Nonetheless, our current set of experiments on audio and scientific measurement data, which demonstrate performance benefits for moderate-dimensional data, already illustrate the practical benefits of our design for RDP-oriented compression of scientific and audio sources.

References

[1] Mentzer, F., Toderici, G. D., Tschannen, M., and Agustsson, E. High-fidelity generative image compression. NeurIPS, 2020.

[2] Muckley, M. J., El-Nouby, A., Ullrich, K., Jégou, H., and Verbeek, J. Improving statistical fidelity for neural image compression with implicit local likelihood models. ICML 2023.

[3] Ballé, J., Minnen, D., Singh, S., Hwang, S. J., and Johnston, N. Variational image compression with a scale hyperprior. ICLR 2018.

[4] E. Lei, H. Hassani, and S. Saeedi Bidokhti. Approaching rate-distortion limits in neural compression with lattice transform coding. 2024.

最终决定

This paper proposed a neural compression models to the theoretical optimum under the rate-distortion-perception tradeoff.
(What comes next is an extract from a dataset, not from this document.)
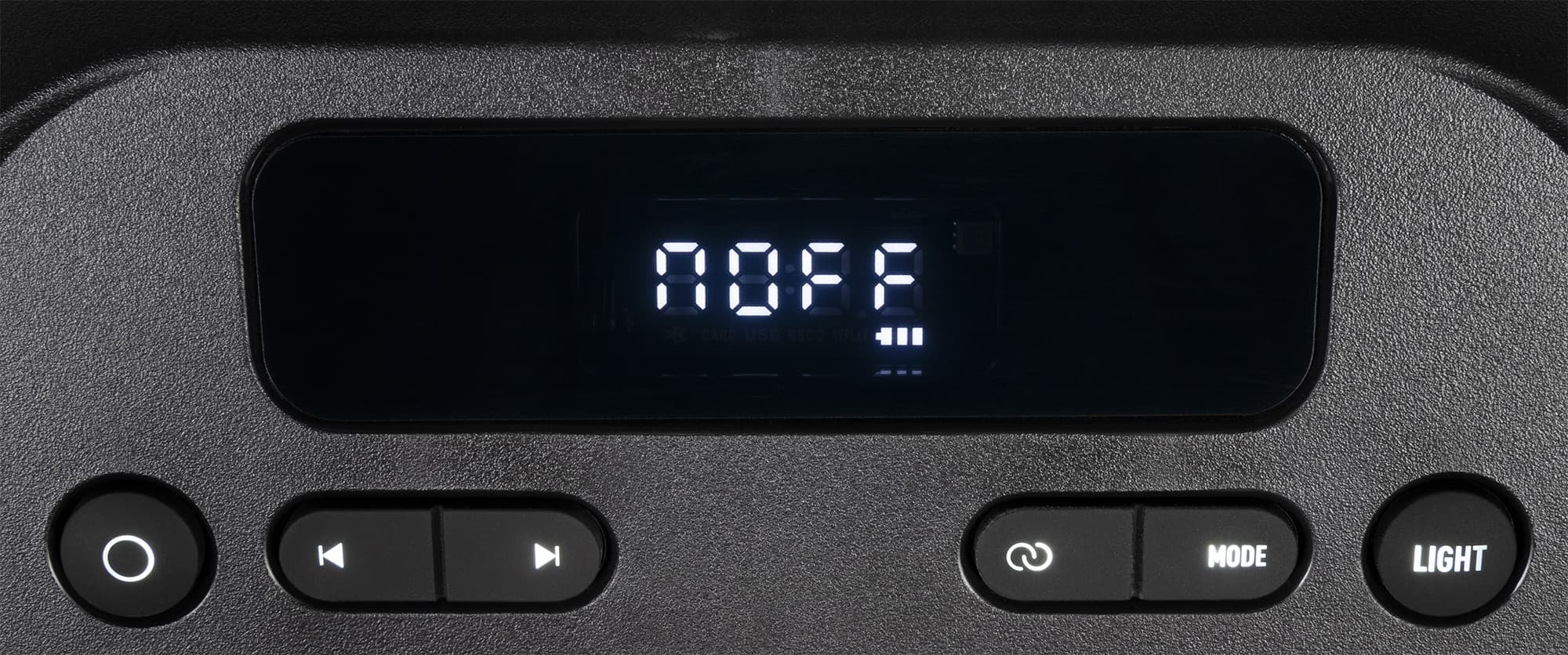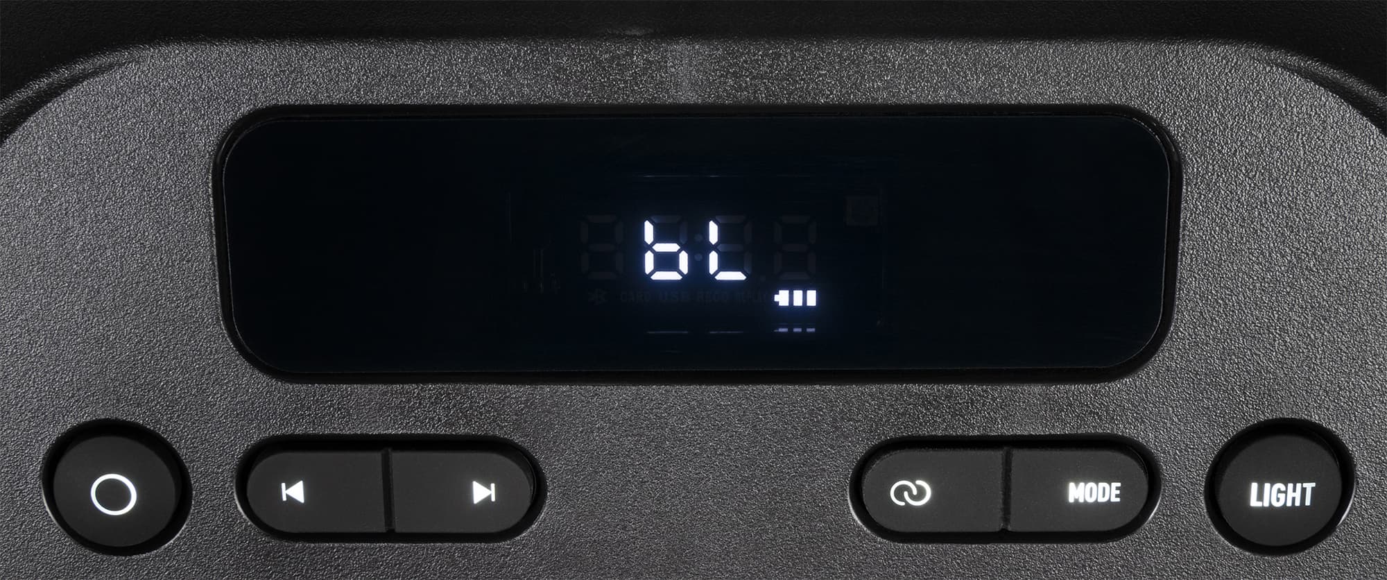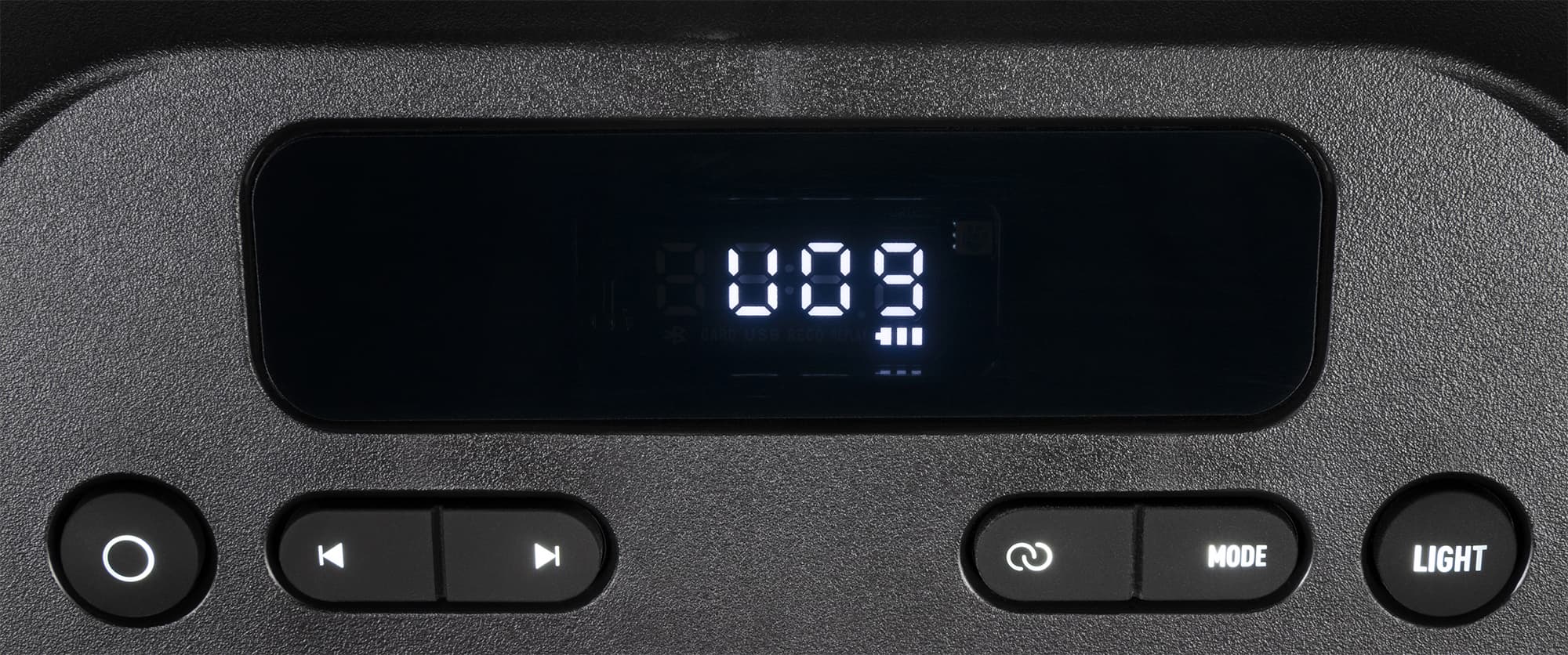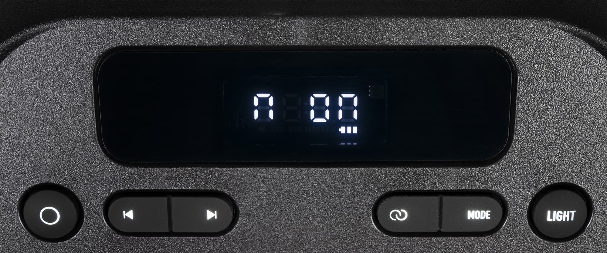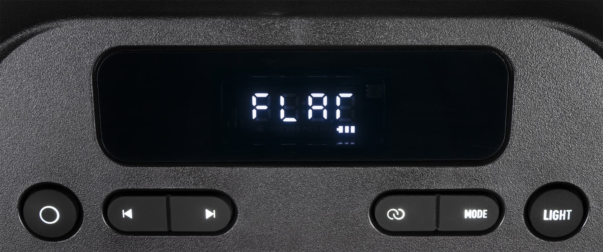 Встроенный экранчик помогает сориентироваться в том, что происходит с колонкой — он способен отображать название пресета эквалайзера, значения громкости, частоту радиостанции — в целом, вся необходимая информация имеется. Но разряда всего четыре, да еще и индикаторы всего лишь семисегментные — соответственно, вместо какого-нибудь «FLAT» отображается «FLAГ». Приспособиться можно, но экономия на экране в устройстве, розничная цена которого более 30 тысяч рублей — это странно.

It is well-written, well-structured, and provides clear theoretical contributions. All reviewers give clear positive reviews (all clear accept each with a score of 5) and in their final justification there is no clear further issues remained. Then, all four reviewers acknowledge the clear theoretical contribution for the compression, i.e., "solid theoretical foundation" (reviewer RfEa), "theoretical results... particularly valuable and of clear interest" (reviewer GpJK), "fundamental improvements" (reviewer jGLB), "effectively bridges the gap between theory and practice" (reviewer MW7C). Thus, the AC decides to accept this paper.